2009年03月27日

No.0359 『米国と日本のアイデンティティ』

   アメリカでは、愛国心を持つことがほとんど百パーセントの善とされています。 逆にいえば、それによって連帯感を持たせなければ、バラバラなる危険性がある。 それほど、さまざまな地域からさまざまな人々が集まった国であるということです。 
  もっとも、アメリカの若者たちは、いろいろと自国の文化を批判して従来の伝統を否定する一方で、新しい価値をつくり上げていきました。 これはまさにアメリカという国の大きな存在理由であり、特徴でもあります。 つまり若者たちは大人の文化を否定しているように見えながら、じつはもっともアメリカ人らしい行動をとっていたわけです。 しかも彼らは 「そうしている俺たちはかっこいい」 と自負し、 「そういう認識を保障してくれるアメリカはいい国だ」 と思っている。 その意味では、アメリカは愛国心を抱きやすい国であるともいえます。 自分がアメリカ人であるというアイデンティティを持ちやすいはずです。 

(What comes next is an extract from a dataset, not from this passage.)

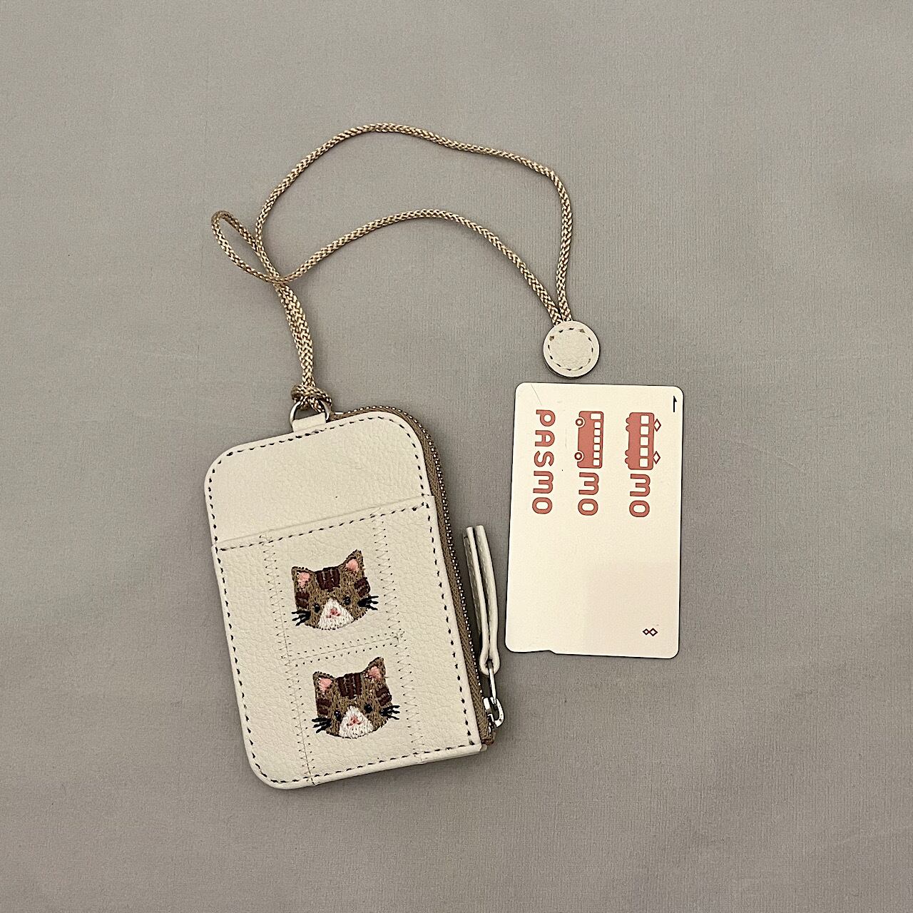 パスケース(小銭入れ付き、2枚用、オフホワイトに茶トラ猫の刺繍)No.03003-15
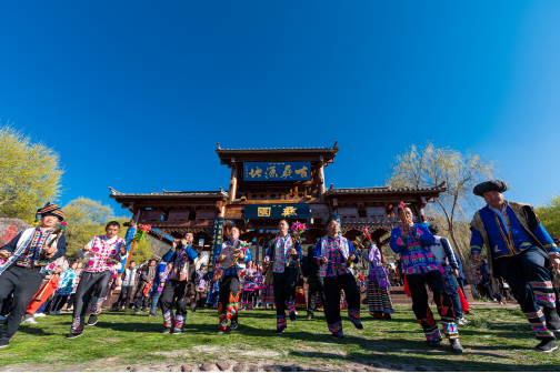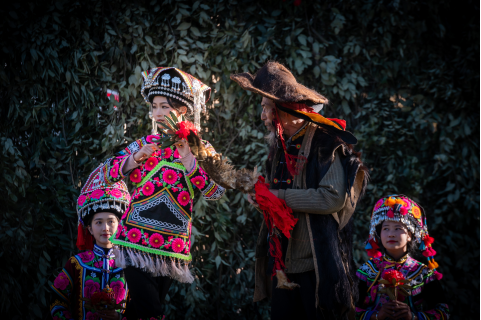 農曆二月初八,在大姚縣曇華鄉千柏林,隨着德高望重的畢摩給曇華新晉的「花仙子」帶上當地象徵「繁榮、昌盛」的馬纓花,祈福人壽年豐,一年一度的「彝族插花節」直播就此拉開序幕。祈福儀式過後,本屆「花仙子」和「百靈鳥」們送上熱情四溢的「攔門酒」,邀四方來客入鄉一同參加歡樂的節慶活動。

  一方、日本では、素直に愛国心を持てない雰囲気がありました。 左翼的な思想を持つ人によって、 「愛国心」 が右翼的な発想であり、そのまま軍国日本の復活になると喧伝されたためです。 また、戦前の軍国主義に対する嫌悪感から、愛国心という言葉には拒否反応がありました。 おかげで、日本を讃えたり、日本人であることに誇りを持つといったアイデンティティはつくりにくくなったのです。